AMD Expands Lineup of Mobile Ryzen, Vega Chips
AMD HAS ANNOUNCED that it’s second-generation Ryzen desktop CPUs will launch in April.
Meanwhile, Navi, the follow-on graphics architecture to Vega, will be produced with 7-nanometer circuitry, and AMD’s follow-on “Next-Gen” graphics architecture is expected to go into production with a 7-nanometer-plus process. The chip designer wants to sustain that momentum through 2018 and its kicking off CES with a wide range of announcements.

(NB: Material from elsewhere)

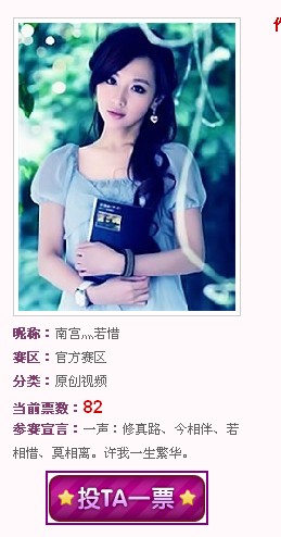 秋秋:谢谢你们的支持,给我一次机会,我必将还您们以夺目的光彩。

Don’t expect any extra cores being squeezed into the new Ryzen 2 family, however. AMD is also making Ryzen Pro Mobile Processors with Radeon Vega Graphics for the commercial, enterprise, and public sector markets. Keep in mind, what AMD and GlobalFoundries are calling 12nm is better understood as a refinement and improvement of GF’s existing 14nm technology. The new Ryzen 2000 series Pinnacle Ridge chips will feature the new Zen+ architecture and use the 12nm production process, and they’re already sampling out to manufacturers. AMD says the design is complete and it will “improve on the award-winning Zen design in multiple dimensions”.

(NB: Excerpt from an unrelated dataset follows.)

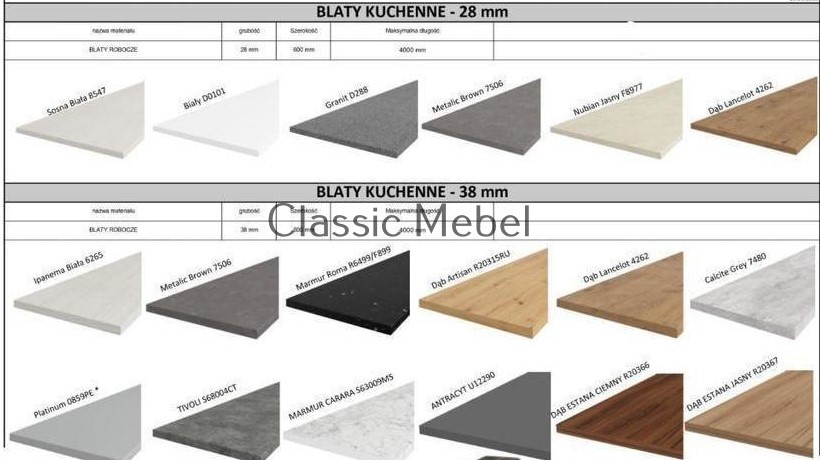 Zestaw nie zawiera w cenie blatów na zdjęciu.W sklepie dostępna jest oferta z blatami.

Same with Zen 2 aka Starship. Considering some of the early growing pains with the AM4 platform, the new chipset may help to further improve performance, stability, and features. Given that they also said that Zen 3, the “7nm+” design to follow that one, is “on track” for 2020, it seems fair to assume that we will see Zen 2 next year around this time. With Ryzen 5 Pro you’ll see four cores and eight threads, a maximum boost speed of 3.6 GHz, and eight CUs; Ryzen 3 will deliver four cores and four threads, a top boost speed of 3.4GHz, and six CUs. The $169 Ryzen 5 2400G will offer much better graphics performance than the $30 more expensive Core i5-8400 (based on current pricing) and has equivalent performance to the $100+ higher Core i5-8400 and NVIDIA GT 1030 discrete solution. Tonight, AMD revealed official plans for the coming year’s roadmaps, which include a couple of surprises.

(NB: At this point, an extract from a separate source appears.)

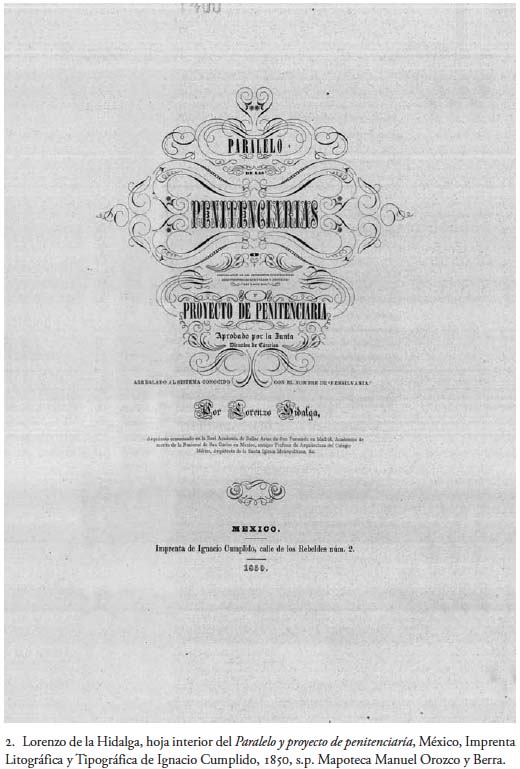 En las diversas ocasiones en que me he aproximado a la obra de este arquitecto, únicamente me referí a la encomienda de construir la cárcel mencionada y al modo en que tal proyecto se frustró, probablemente debido al cambio de autoridades en la ciudad. Sin embargo, en 1994, en mi artículo titulado "El Palacio de Lecumberri y su contexto arquitectónico", al encontrar el Paralelo y proyecto de penitenciaría junto con algunas ilustraciones de panópticos importantes, e incluso algo de lo ideado al respecto por Lorenzo de la Hidalga, decidí incorporar a ese trabajo tan importante escrito.1

In terms of specs, the Ryzen 5 2400G with Radeon Vega Graphics is outfitted with 4 CPU cores, 8 threads, and a boost clock of 3.9GHz.
Below is AMD’s roadmap for Zen desktop processors. A new Radeon Instinct MI25 accelerator for machine learning applications will be AMD’s first 7nm chip. There’s no word of any down-market Vega introductions that would push it into Polaris’ territory, and it’s not clear if AMD will bring its 7nm Vega to market as a consumer product. Most of the improvements to the 400-series chipsets involve better memory support and greater scope for overclocking, at least from what AMD has said so far. For those of you who like the AMD Wraith CPU coolers, the Wraith Prism was also shown off, with its direct contact heat pipes, switchable overclock fan profile, rainbow RGB ring, illuminated fan blades and “dark mode for RGB heathens”. OK that was lame, we admit it, but there isn’t anything more interesting to talk about on the Vega roadmap front.
AMD roared back in 2017, first on the desktop, with its new line of Ryzen processors based on its Zen microarchitecture, and then toward the end of the year on mobile, when the first notebooks appeared using Ryzen Mobile chips.